▶ [Directions for this task]:
In the records below, repeat exactly the lines between the line holding "Алматы қаласы Алатау" and the line holding "這款運動鞋具有時尚、豐滿的感覺,品牌標誌性的十字形切割和立體設計令人印象深刻。此款為 ROYAL FLASH", inclusive, and drop the pictures.

▶ [Data extracts]:
###

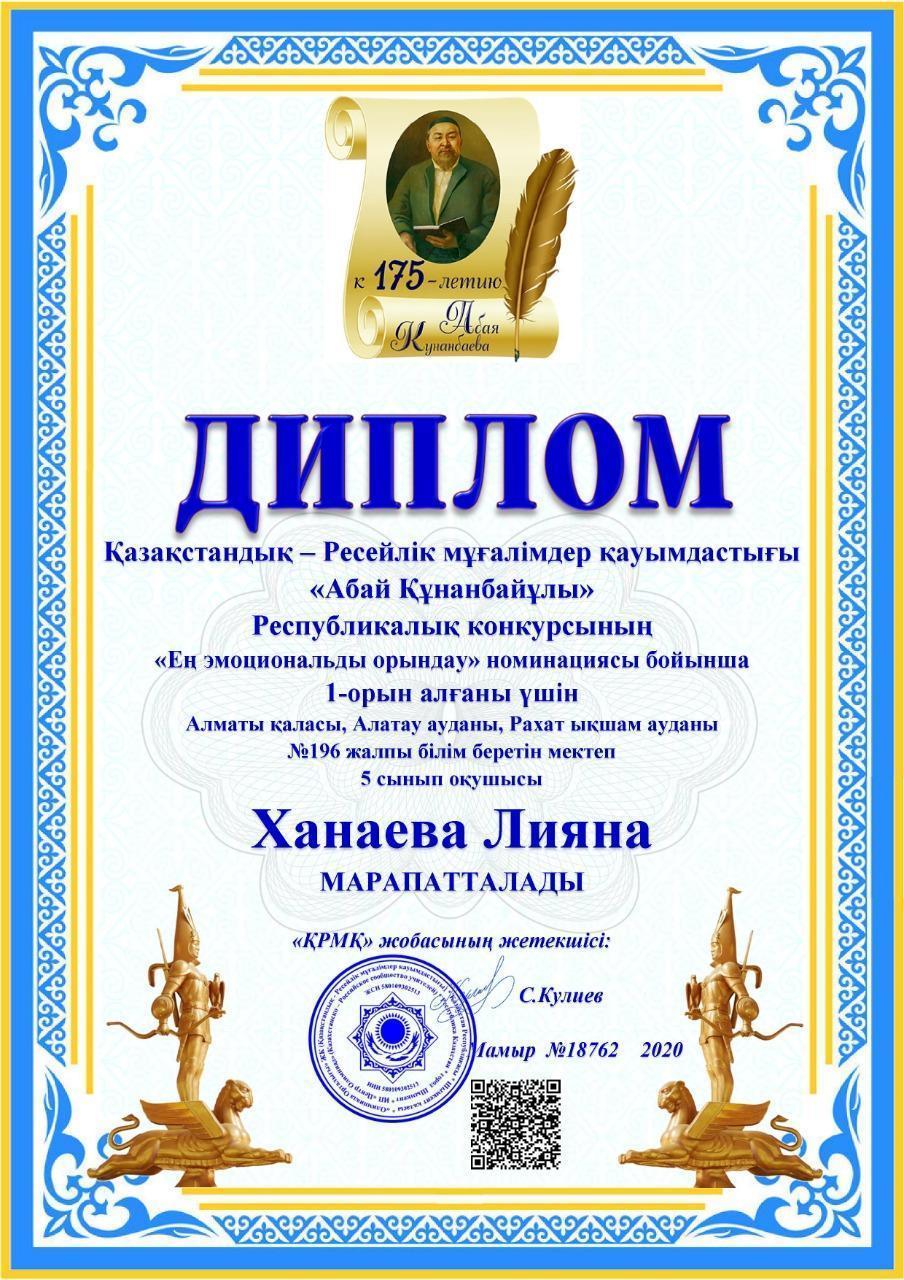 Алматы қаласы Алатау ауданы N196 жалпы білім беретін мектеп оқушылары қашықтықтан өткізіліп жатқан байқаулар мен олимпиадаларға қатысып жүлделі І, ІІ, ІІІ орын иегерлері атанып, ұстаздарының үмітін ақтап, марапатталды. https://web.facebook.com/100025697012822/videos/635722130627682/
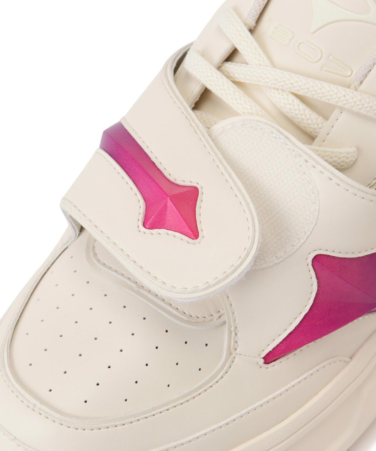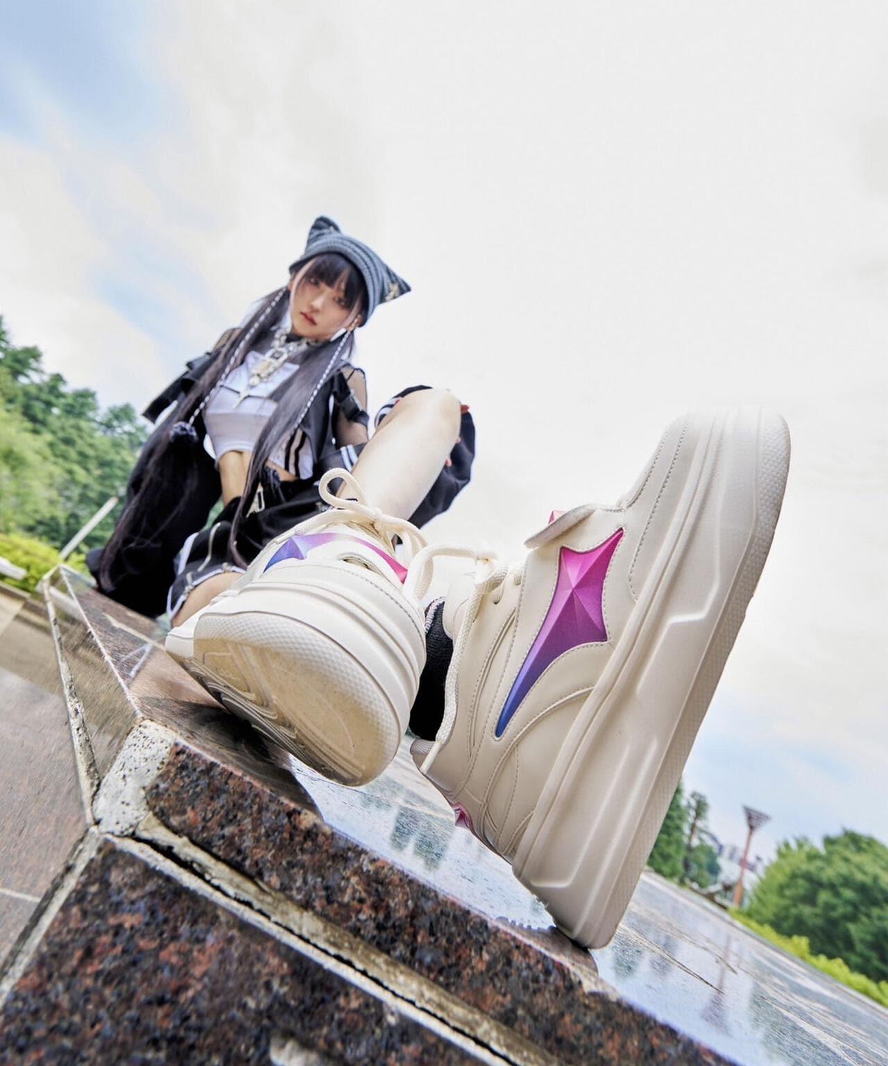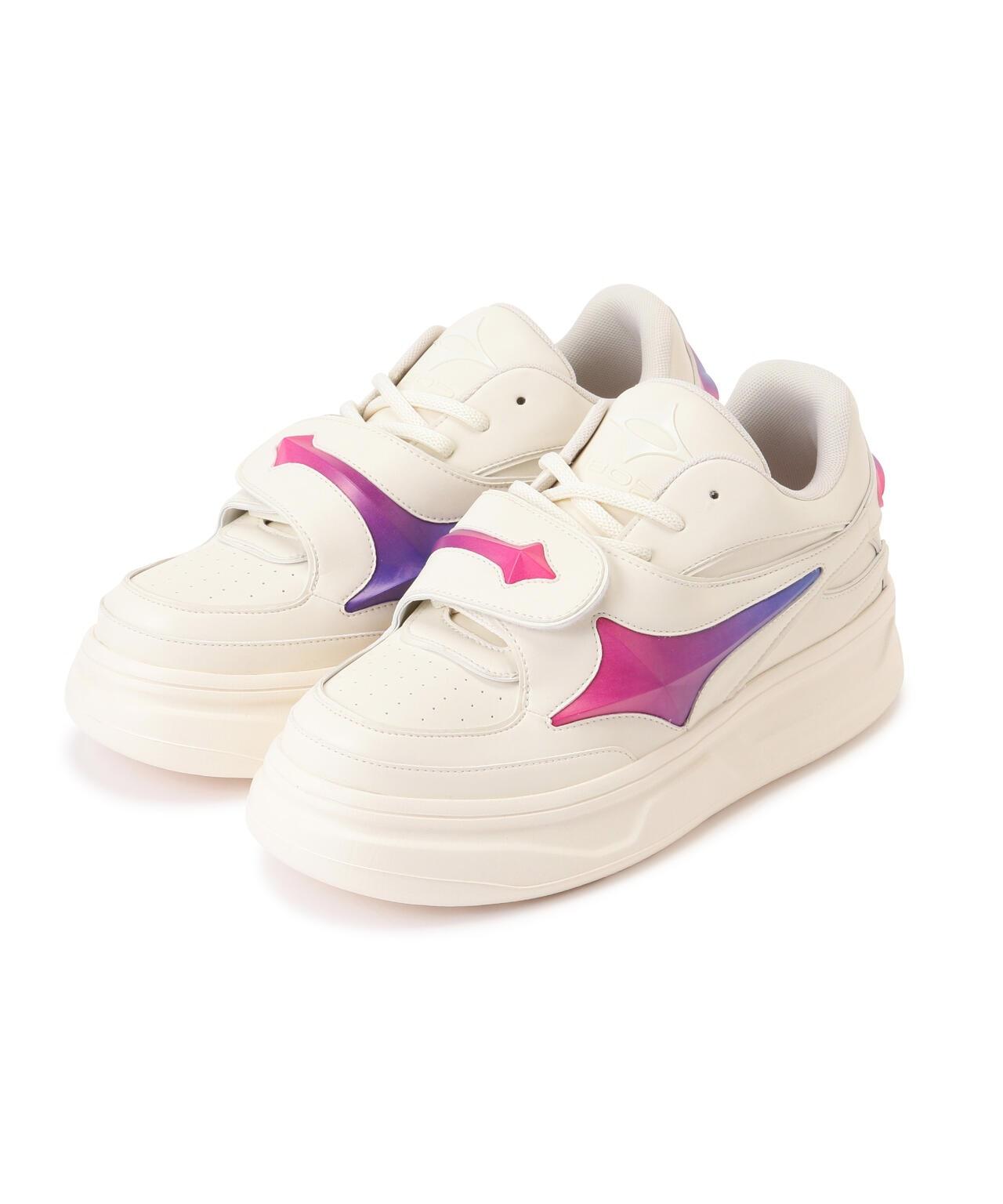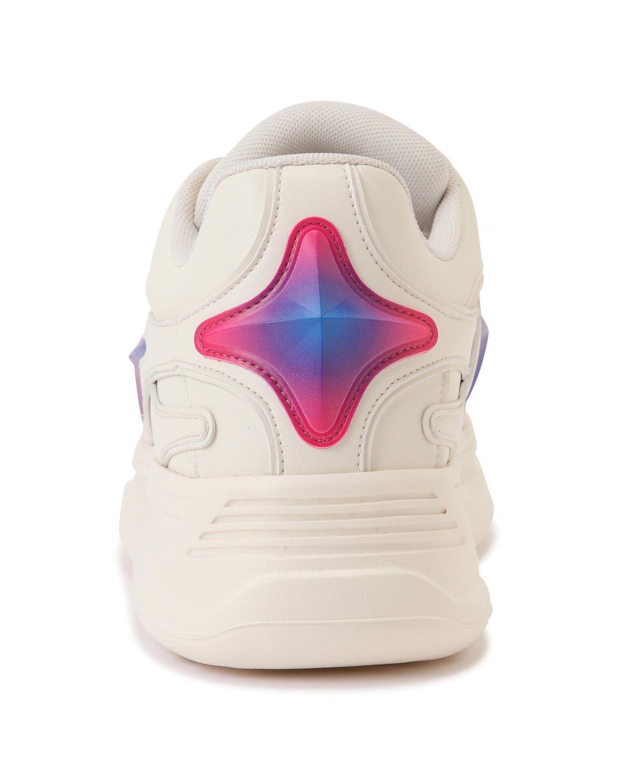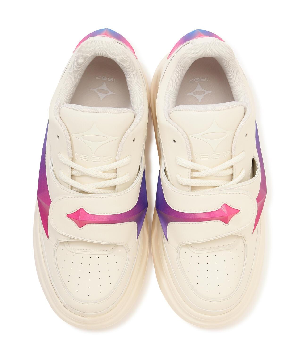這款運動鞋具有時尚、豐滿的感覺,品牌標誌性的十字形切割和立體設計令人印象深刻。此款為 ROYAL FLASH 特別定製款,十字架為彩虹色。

###

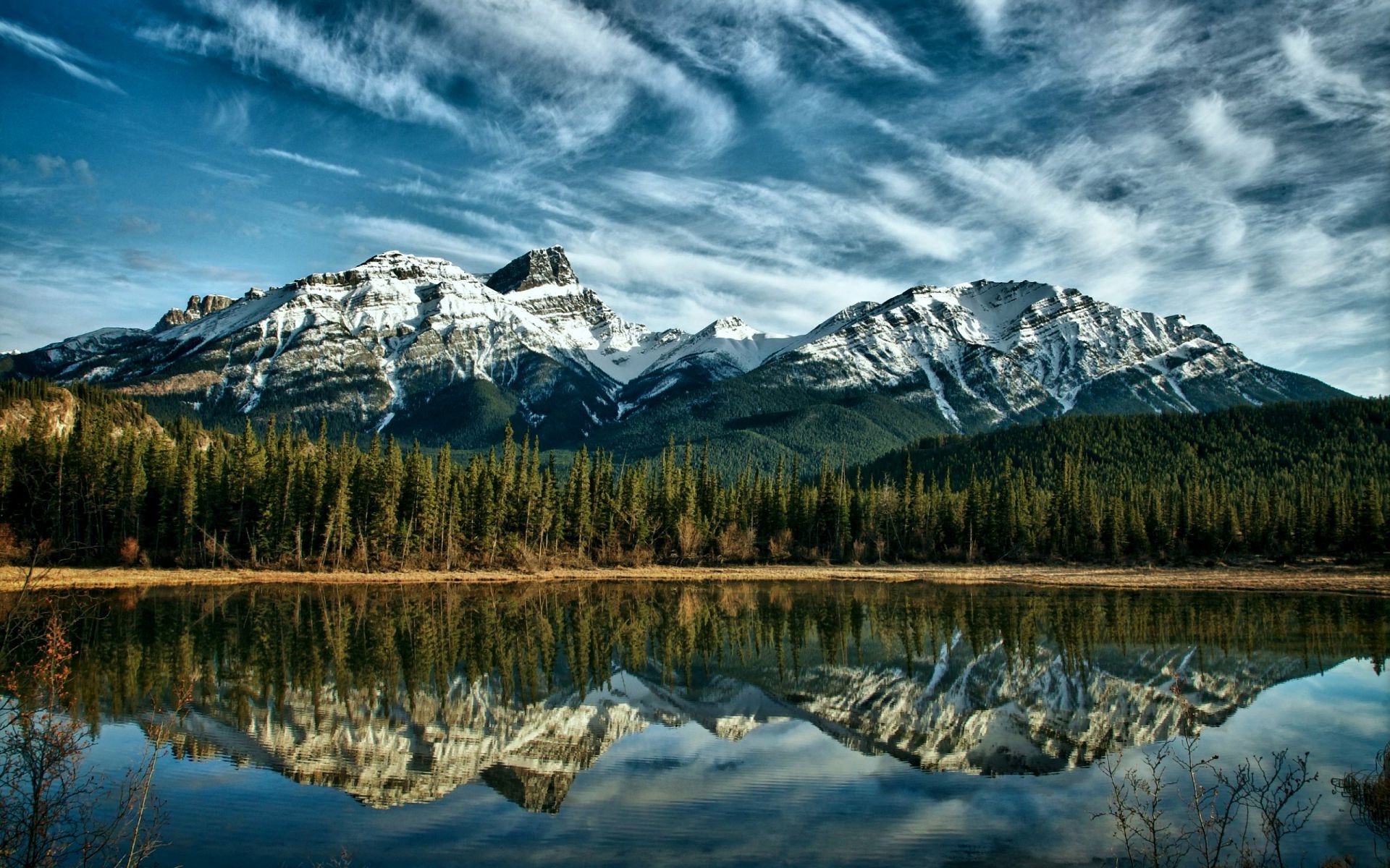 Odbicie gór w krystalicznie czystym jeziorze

###

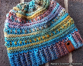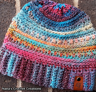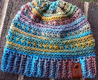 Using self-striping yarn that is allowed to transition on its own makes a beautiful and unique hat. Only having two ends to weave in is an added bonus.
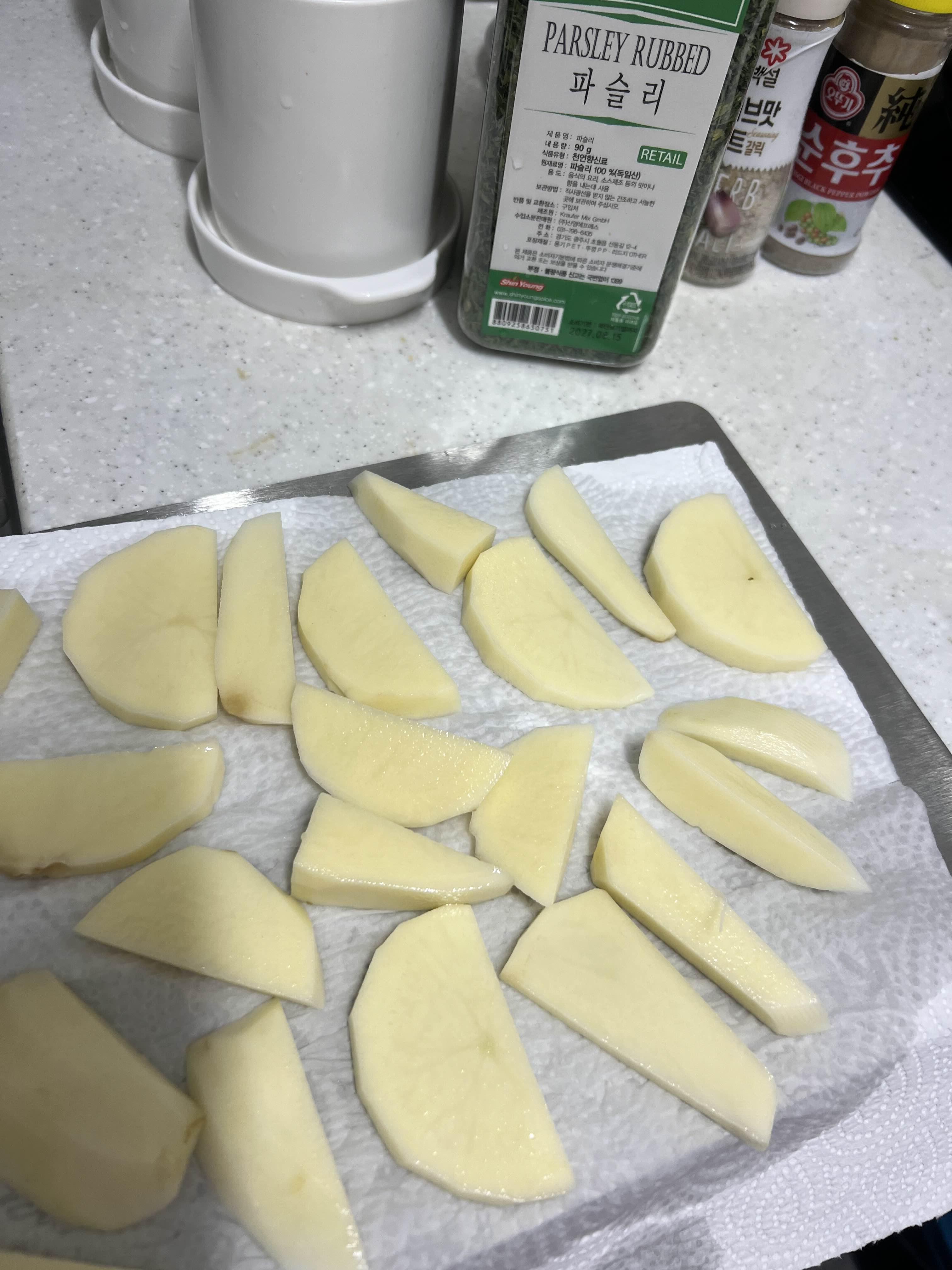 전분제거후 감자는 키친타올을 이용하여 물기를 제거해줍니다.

###

▶ [Answer section]:
 Алматы қаласы Алатау ауданы N196 жалпы білім беретін мектеп оқушылары қашықтықтан өткізіліп жатқан байқаулар мен олимпиадаларға қатысып жүлделі І, ІІ, ІІІ орын иегерлері атанып, ұстаздарының үмітін ақтап, марапатталды. https://web.facebook.com/100025697012822/videos/635722130627682/
這款運動鞋具有時尚、豐滿的感覺,品牌標誌性的十字形切割和立體設計令人印象深刻。此款為 ROYAL FLASH 特別定製款,十字架為彩虹色。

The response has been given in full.